== Records to process ==
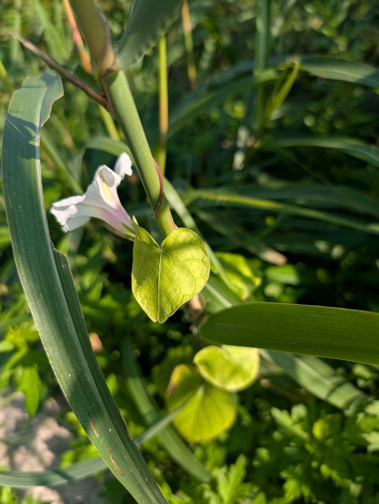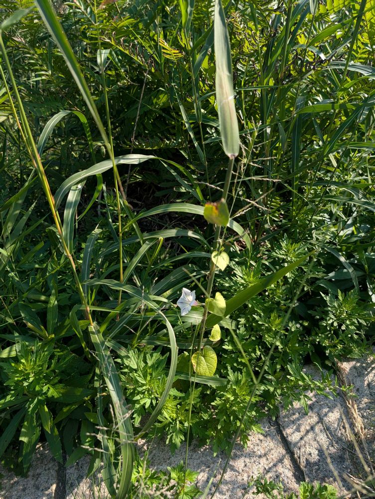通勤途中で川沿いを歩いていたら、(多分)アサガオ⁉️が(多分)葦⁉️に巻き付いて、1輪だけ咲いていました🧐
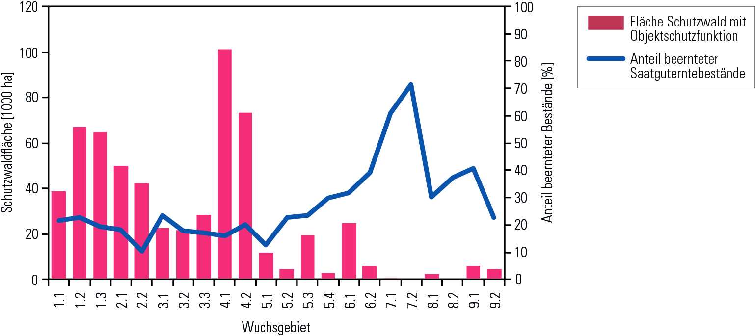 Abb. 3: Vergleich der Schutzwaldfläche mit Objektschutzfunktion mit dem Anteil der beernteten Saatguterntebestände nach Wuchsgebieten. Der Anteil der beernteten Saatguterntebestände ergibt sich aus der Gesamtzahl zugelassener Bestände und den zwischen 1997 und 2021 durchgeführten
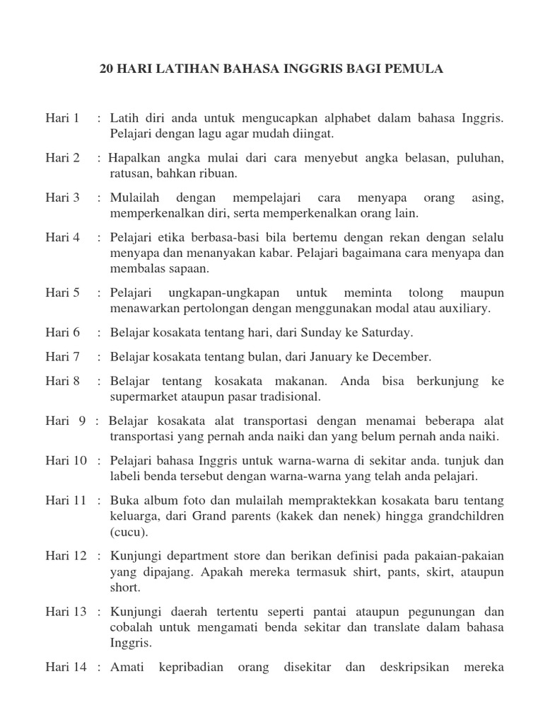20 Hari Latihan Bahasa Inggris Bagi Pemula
===
== Records to process ==
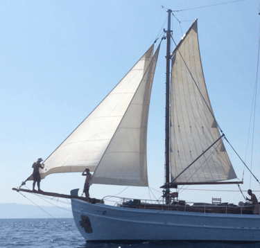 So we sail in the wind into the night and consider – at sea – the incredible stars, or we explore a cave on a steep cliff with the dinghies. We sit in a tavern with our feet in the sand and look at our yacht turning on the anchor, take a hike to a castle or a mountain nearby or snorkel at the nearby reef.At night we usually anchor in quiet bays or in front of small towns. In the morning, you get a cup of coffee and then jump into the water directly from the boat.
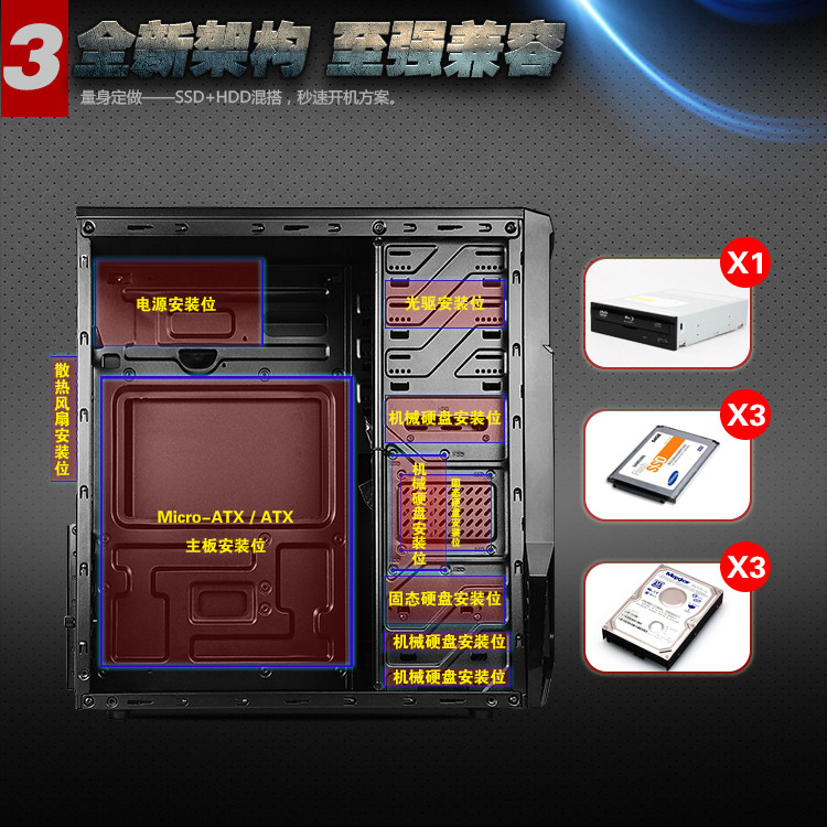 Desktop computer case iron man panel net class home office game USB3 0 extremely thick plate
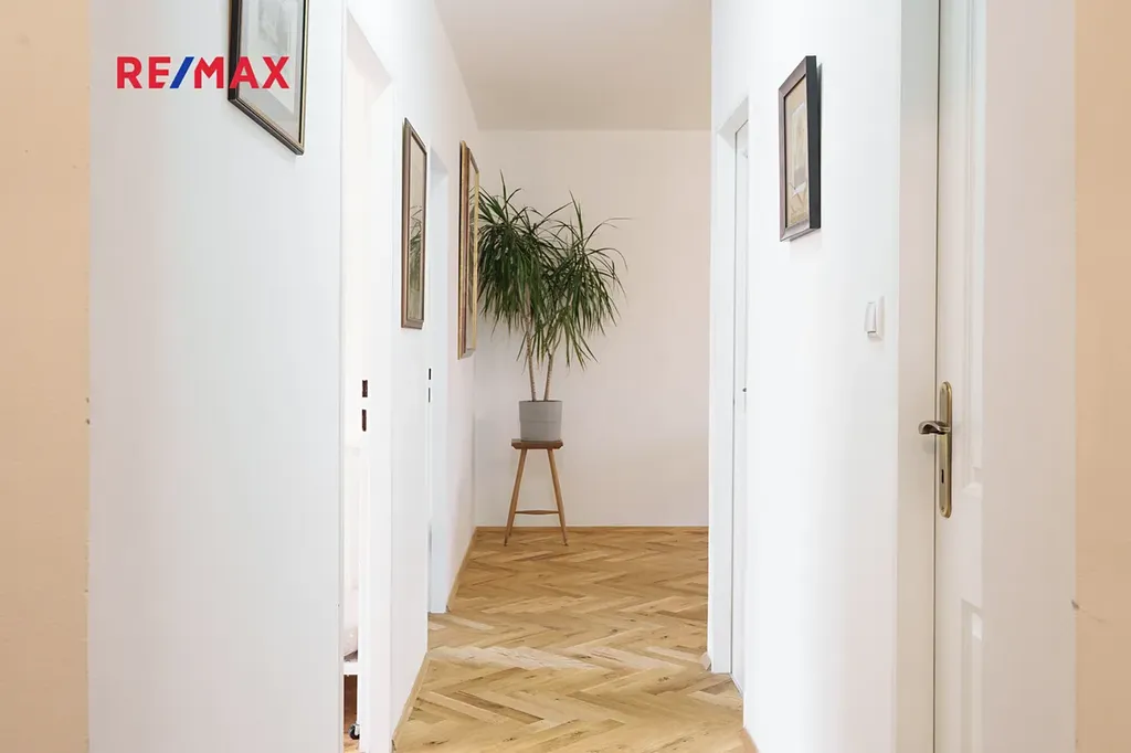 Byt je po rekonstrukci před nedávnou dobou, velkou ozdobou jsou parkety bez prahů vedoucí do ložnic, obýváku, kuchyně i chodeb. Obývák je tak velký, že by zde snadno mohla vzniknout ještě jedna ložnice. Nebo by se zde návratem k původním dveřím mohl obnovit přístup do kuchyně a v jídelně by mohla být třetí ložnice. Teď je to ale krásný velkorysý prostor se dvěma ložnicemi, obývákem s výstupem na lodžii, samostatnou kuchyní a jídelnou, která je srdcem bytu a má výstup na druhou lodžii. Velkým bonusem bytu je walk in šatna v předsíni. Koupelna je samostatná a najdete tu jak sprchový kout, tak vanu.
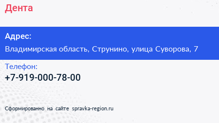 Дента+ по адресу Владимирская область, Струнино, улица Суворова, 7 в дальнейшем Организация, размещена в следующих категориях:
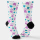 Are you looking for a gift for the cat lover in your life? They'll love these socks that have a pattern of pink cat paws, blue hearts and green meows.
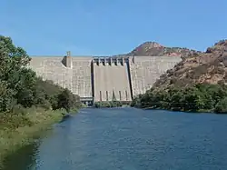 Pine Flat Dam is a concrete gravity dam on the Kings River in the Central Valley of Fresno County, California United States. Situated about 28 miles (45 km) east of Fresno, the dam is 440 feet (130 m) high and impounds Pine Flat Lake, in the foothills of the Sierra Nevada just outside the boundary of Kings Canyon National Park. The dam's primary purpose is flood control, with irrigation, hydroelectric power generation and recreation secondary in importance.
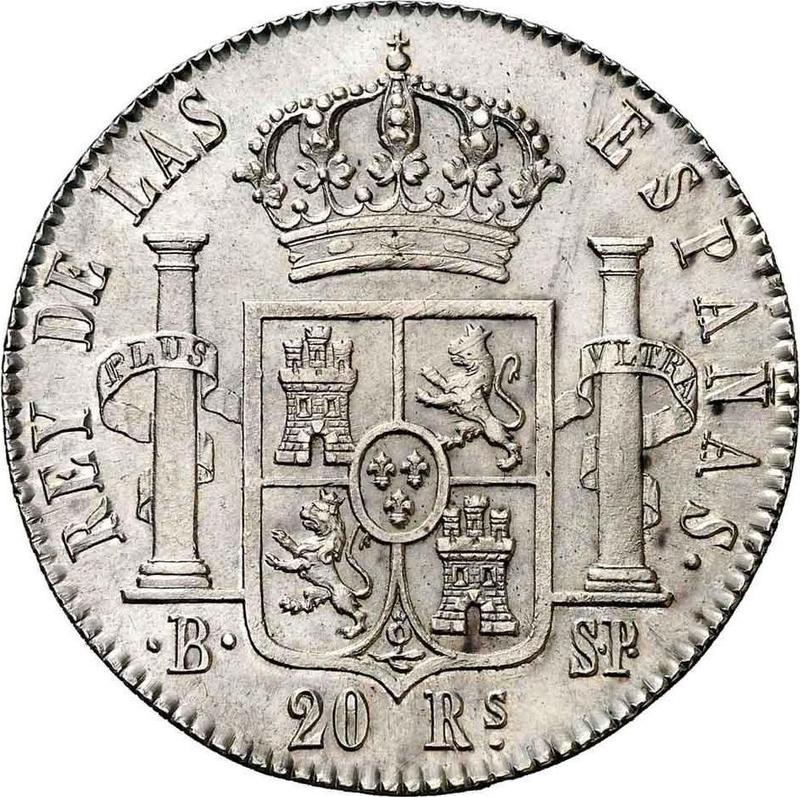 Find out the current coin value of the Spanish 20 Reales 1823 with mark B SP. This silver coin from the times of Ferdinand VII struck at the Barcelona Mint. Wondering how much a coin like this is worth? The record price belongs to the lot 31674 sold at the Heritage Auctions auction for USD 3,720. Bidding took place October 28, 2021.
===
Return exactly the lines of the material above, starting at the line containing "Byt je po rekonstrukci" and finishing at the line containing "Find out the", without any pictures.

 Byt je po rekonstrukci před nedávnou dobou, velkou ozdobou jsou parkety bez prahů vedoucí do ložnic, obýváku, kuchyně i chodeb. Obývák je tak velký, že by zde snadno mohla vzniknout ještě jedna ložnice. Nebo by se zde návratem k původním dveřím mohl obnovit přístup do kuchyně a v jídelně by mohla být třetí ložnice. Teď je to ale krásný velkorysý prostor se dvěma ložnicemi, obývákem s výstupem na lodžii, samostatnou kuchyní a jídelnou, která je srdcem bytu a má výstup na druhou lodžii. Velkým bonusem bytu je walk in šatna v předsíni. Koupelna je samostatná a najdete tu jak sprchový kout, tak vanu.
 Дента+ по адресу Владимирская область, Струнино, улица Суворова, 7 в дальнейшем Организация, размещена в следующих категориях:
 Are you looking for a gift for the cat lover in your life? They'll love these socks that have a pattern of pink cat paws, blue hearts and green meows.
 Pine Flat Dam is a concrete gravity dam on the Kings River in the Central Valley of Fresno County, California United States. Situated about 28 miles (45 km) east of Fresno, the dam is 440 feet (130 m) high and impounds Pine Flat Lake, in the foothills of the Sierra Nevada just outside the boundary of Kings Canyon National Park. The dam's primary purpose is flood control, with irrigation, hydroelectric power generation and recreation secondary in importance.
 Find out the current coin value of the Spanish 20 Reales 1823 with mark B SP. This silver coin from the times of Ferdinand VII struck at the Barcelona Mint. Wondering how much a coin like this is worth? The record price belongs to the lot 31674 sold at the Heritage Auctions auction for USD 3,720. Bidding took place October 28, 2021.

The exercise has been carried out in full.